# Class III/NFA Transfers?



## scubapro (Nov 27, 2010)

Besides Jay's and Ammunition Sales Co., anyone aware of local FFLs who do transfers for Class III/NFA firearms? I've got an AOW on the way from out of state -- and wanted to see what options were out there in terms of a Florida dealer to handle the transfer.

Thanks.


----------



## 706Z (Mar 30, 2011)

You might try Dixie(Little Jacks Guns),I know he is FFL and does transfers,I don't know about class III/NFA.


----------



## scubapro (Nov 27, 2010)

Dixie isn't doing Class III items. Jay's wants $100 for the transfer & Ammunition Sales Co. wants $50. I guess if no one else is less expensive, Larry will get the job.


----------



## Action (Jan 17, 2012)

Try randy pippin at the escambia sheriffs office. He is a class 3. Not sure of price but he is good people!


----------



## glassplus (May 6, 2009)

I will second that try Randy If you have hard time getting a hold of him, You will get a contect # to me I will see that he contects you, I will check and see If cares if I gave you his number Iwill try and PM you My number. jj


----------



## scubapro (Nov 27, 2010)

Thanks guys - if he'll do a transfer, I'm interested.

Here's what's coming from Tennessee...


----------



## Action (Jan 17, 2012)

SCuba if you don't mind me asking, what did that set u back? I'm caught up on plenty of supressors and was thinking about getting something like a aow next.


----------



## scubapro (Nov 27, 2010)

With shipping -- $577 -- and only a $5 tax for an AOW! A bargain for the Fed's tax stamp requirement.

The capacity of the Long Range Precision AOW is 3+1 with 2 3/4" shells. I'm hoping that I can get 4+1 in it with the Centurion 2 1/4" mini shells...
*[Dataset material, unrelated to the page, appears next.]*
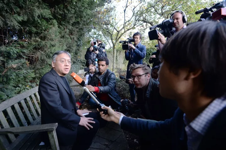 ▲日裔英国作家石黑一雄(Kazuo Ishiguro)获得了2017年诺贝尔文学奖。图据诺贝尔官网 在之前博彩公司开出的赔率榜单中,并未出现过石黑一雄的名字,在石黑一雄获奖时,不少人感叹诺奖再次“爆冷”。不过,在世界文坛上,石黑一雄早已有一席之地,其作品有《远山淡影》《长日留痕》《无可慰藉》《千万别丢下我》《浮世画家》等。石黑一雄的代表作《无可慰藉》《别让我走》《长日将尽》《被埋葬的巨人》也已由上海译文出版社出版。 红星新闻第一时间通过英国特约记者采访了刚获得诺奖的石黑一雄。石黑一雄目前住在英国伦敦,当BBC联系他获得诺奖时,他甚至一开始以为是玩笑,因为评委会一直没有联系过他,“这是一个巨大的荣誉,主要是因为这意味着我追随了最伟大的作家的脚步,所以这是一个了不起的赞扬。” 直到记者打电话才相信获奖 “一部分感觉自己像一个冒名顶替者” 石黑一雄(Kazuo Ishiguro)目前住在伦敦Golders Green,在接受红星新闻特约记者采访时,虽然周围一片混乱,不断涌进采访的记者,但石黑一雄依然平静,像他的语言文字一样淡然。他笑着说,“这是绝对的混乱。我的经纪人打电话说,宣布我是诺贝尔奖得主,但是有这么多假的消息,这些日子很难知道什么能相信,所以我没有真正相信,直到记者开始打电话以及来到我家门外。怎么有那么多记者知道我的家?” 石黑一雄说,自己很荣幸获得诺奖,他希望诺贝尔奖成为一种永远的力量,“这个世界正处于一个非常不确定的时刻,我希望所有的诺贝尔奖都能像现在这样,成为世界上一股积极力量。”他补充说,“如果我今年能在某种形式上成为某种潮流的一部分,在一个非常不确定的时间里营造某种积极的氛围,我将深受感动。” 石黑一雄也分享了自己的另一种心情,“我的一部分感觉就像一个冒名顶替者,感觉很糟糕。村上春树、萨尔曼·拉什迪、玛格丽特·阿特伍德、麦克卡西、麦卡锡,都马上进入了我脑海,我只是想‘哇’。我太年轻了,不能赢得这样的东西。但是我突然意识到我已经62岁,所以我是在获奖作家的平均年龄。”

I'm considering this rig to go with it:

http://www.sktindustries.com/images/catalogprices1.pdf


----------



## Apollo46 (Jan 2, 2011)

Be Advised, that thing will be miserable to shoot


----------



## Gravity3694 (May 10, 2011)

Just curious why did you go with Long Range Precision over Serbu?


----------



## scubapro (Nov 27, 2010)

Serbu is having difficulty with production/delivery times - per Jay at Jay's guns. This one has an additional round capacity and an 8.5" barrel. It was in-stock at the manufacturer and the price was right (lower than the Serbu if it was available).

BTW, Jay told me at the last gun show that they are gearing up to produce their own line of AOWs because his orders with Serbu haven't been filled...


----------



## Action (Jan 17, 2012)

Who sells it? And thanks for the info!!


----------



## scubapro (Nov 27, 2010)

*Email Address:* [email protected] 
*Business Name:* LRPRIFLE 
*Contact Name:* BRAD RICHARDSON 
*Address:* 2612 HWY 61 W
ANDERSONVILLE, TN 37705
United States 
*Daytime Phone:* 865-712-6725


----------



## HisName (Nov 29, 2009)

Randy Did my Sub gun and Larry is doing my Suppressor.

they are both great people and seam very dedicated to doing their best.


----------